The sequence AL share many subsequences, like quintuplets, with small RNAs coming from Rfam (Griffiths-Jones et al., 2005), a database containing information about noncoding RNA families and structured RNA molecules, like transfer RNA (tRNA).

If we compare AL to the sequence of the circular RNA ciRs7, we find qualitative similarities, with 17/22 quintuplets passing the 5% upper threshold of significance (the 5%-threshold number of occurrences of a quintuplet in ciRs being equal to 129126/1024 + 1.6 x 11 = 144) of an unrandom frequency of common triplets (Figure 7.11). The occurrence numbers of the 22 successive quintuplets of AL inside the sequence ciRs7 of length 129126 have the following values, with the local maxima in red:

uucaa (Tψ-loop) 250 ucaag 154 caaga 146 aagau 163 agaug 163 gauga 122 augaa 211 ugaau 238 (articulation loop) gaaug 152 aaugg 145 auggu 156 (D-loop) uggua 120 gguac 62 guacu 90 uacug 143 acugc 129 cugcc 160 (anticodon-loop) ugcca 155 gccau 121 ccauu 198 cauuc 155 auuca 206.

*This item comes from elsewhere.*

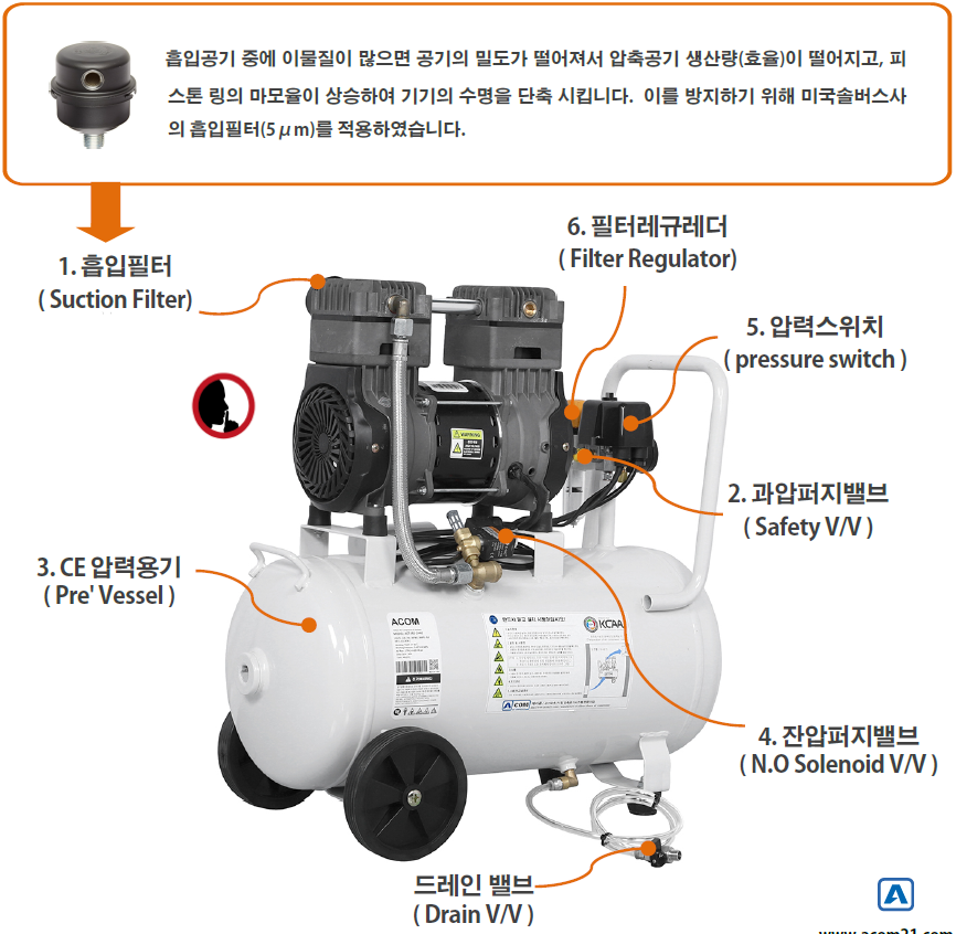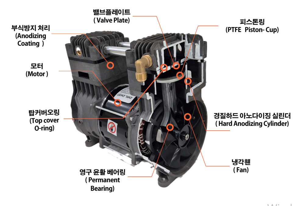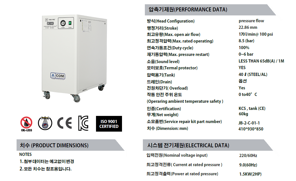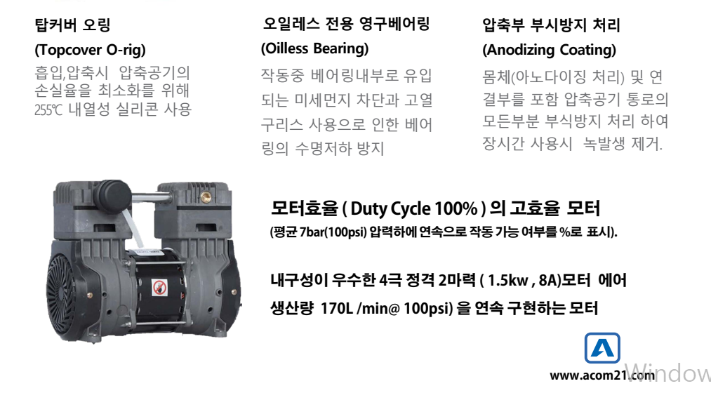 에이콤의 새로운 오일레스 2HP 콤프레셔는 뛰어난 성능과 내구성을 바탕으로 다양한 환경조건 설계와 개선사양

The similarity between the function of circular RNAs, tRNAs and the sequence AL could come from the fact that they are all concerned by the protein synthesis, directly for the tRNAs and its ancestor AL, and indirectly, by inhibiting translational inhibitors as the microRNAs. This functional proximity could explain the frequent presence as relics of subsequences of AL inside the ciRs and tRNAs.

In the case of the tRNAs, the similitude concerns the conserved (inside and between species) bases of their loops (cf. Figure 7.12 and Alexander et al., 2010; Brown et al., 1986; Demongeot and Moreira, 2007; Shigi et al., 2002; Ueda et al., 1992; Yu et al., 2011), as well as of some particular tRNAs, such as where the ordered sequences of the loops is identical to AL except for two bases (Demongeot and Moreira, 2007).